Assessment of half-mask elastomeric respirator and powered air-purifying respirator reprocessing for an influenza pandemic

• Published in: American journal of infection control Vol. 45; no. 12; pp. 1324 - 1330
• Main Authors: Lawrence, Caryn, Harnish, Delbert A., Sandoval-Powers, Megan, Mills, Devin, Bergman, Michael, Heimbuch, Brian K.
• Format: Journal Article
• Language: English
• Published: United States Elsevier Inc 01.12.2017
• Subjects: Cleaning infection control; Disinfection; Mucin; N95; Respiratory protection; Reuse; Sebum; Cleaning infection control; Respiratory protection; Mucin; Reuse; Disinfection; Sebum; N95
• ISSN: 0196-6553; 1527-3296
• DOI: 10.1016/j.ajic.2017.06.034

•Manual reprocessing for reusable respirators were evaluated against influenza and soiling agent.•Across 41 surfaces tested, the mean log reduction in viable virus was > 4.5 log TCID50.•Cleaning alone demonstrated similar efficacy as cleaning and disinfection procedures.•Respirator design and materials may impact reprocessing effectiveness.
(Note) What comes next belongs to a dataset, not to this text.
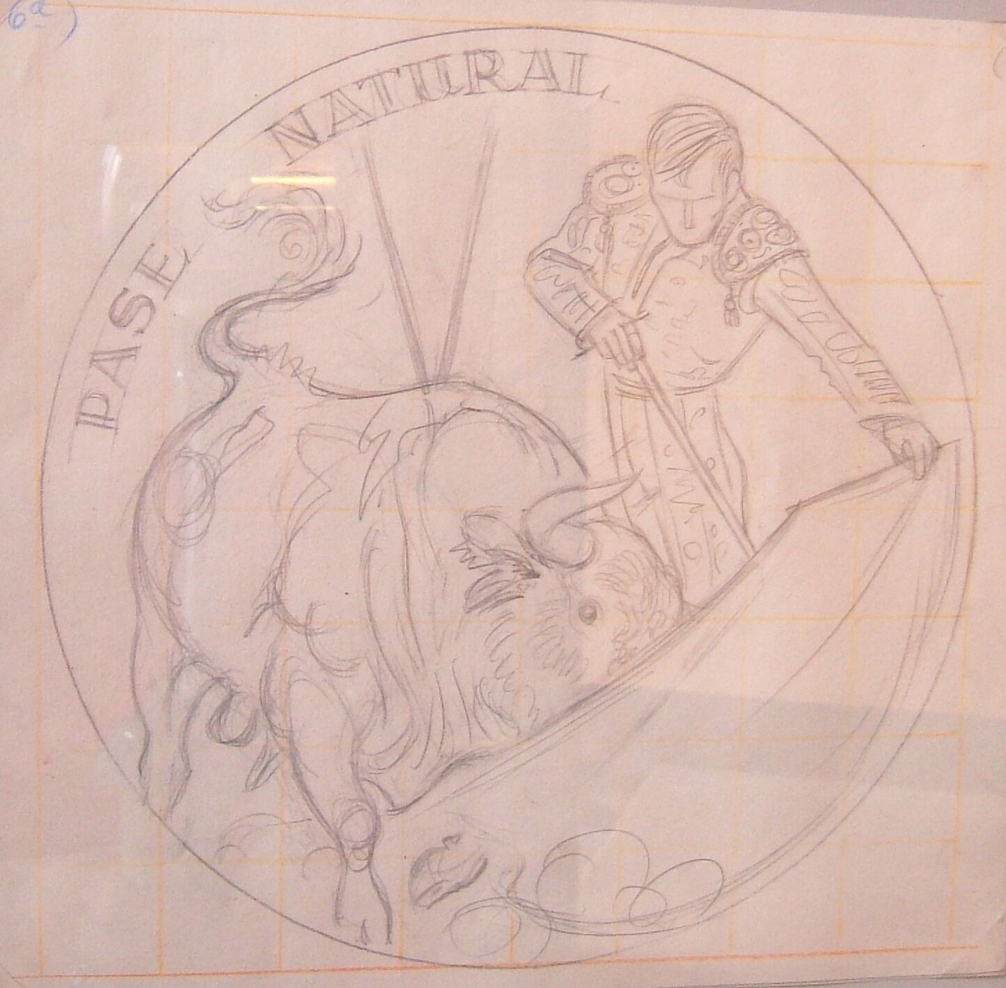 Fotografía de una composición de ocho dibujos, formando una serie de bocetos para un conjunto de medallas representativas con distintos momentos de los personajes que protagonizan la fiesta taurina. Grupo de 8 obras, anverso-reverso, realizadas para Acuñaciones Españolas serie TAUROMAQUIA -titulo: Un par al quiebro, reverso. ME/Esc-neg1586 ME/Galb.1402
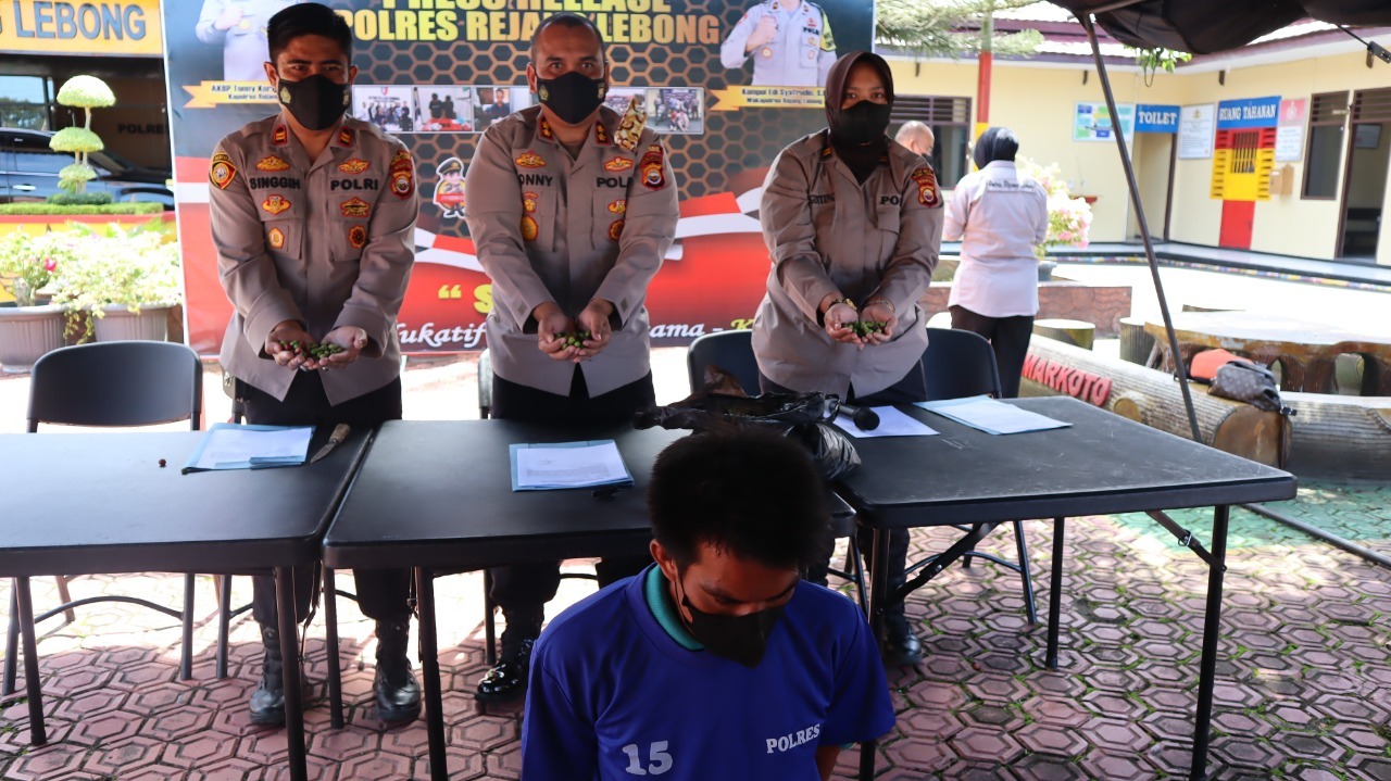 “Terduga pelaku ditangkap berdasarkan Laporan Polisi Nomor : LP / B.209 / V / 2022 / SPKT / polsek BENGKO / RES REJANG LEBONG/ POLDA BENGKULU, tanggal 12 Mei 2022,” jelas Kapolsek saat press release di Mapolres Rejang Lebong, Sabtu (13/5/2022).

Health care facilities are considering the use of reusable respiratory protective devices (RPDs) to mitigate a potential N95 filtering facepiece respirator shortage caused by an influenza pandemic. US regulators are also considering stockpiling reusable RPDs for pandemic preparedness, but limited data exist on the effectiveness of cleaning and disinfection of these devices. This study defines reprocessing protocols and evaluates their effectiveness against a pandemic influenza strain in a laboratory setting. Five half-mask elastomeric respirator models and 3 powered air-purifying respirator models were contaminated with influenza virus and artificial skin oil on multiple surfaces. RPDs were then manually treated with 1 of 2 methods: cleaned or cleaned and disinfected. Presence of viable influenza was determined via swab sampling and a median tissue culture infectious dose assay. Across 41 RPD surfaces, a mean log reduction in viable influenza of 4.54 ± 0.97 log10 median tissue culture infectious dose was achieved for all treated surfaces, which included both cleaned and cleaned and disinfected surfaces. The methods defined as part of this study are effective for eliminating viable influenza in the presence of artificial skin oil on most of the RPD surfaces tested. Material type and RPD design should be considered when implementing RPD reprocessing protocols.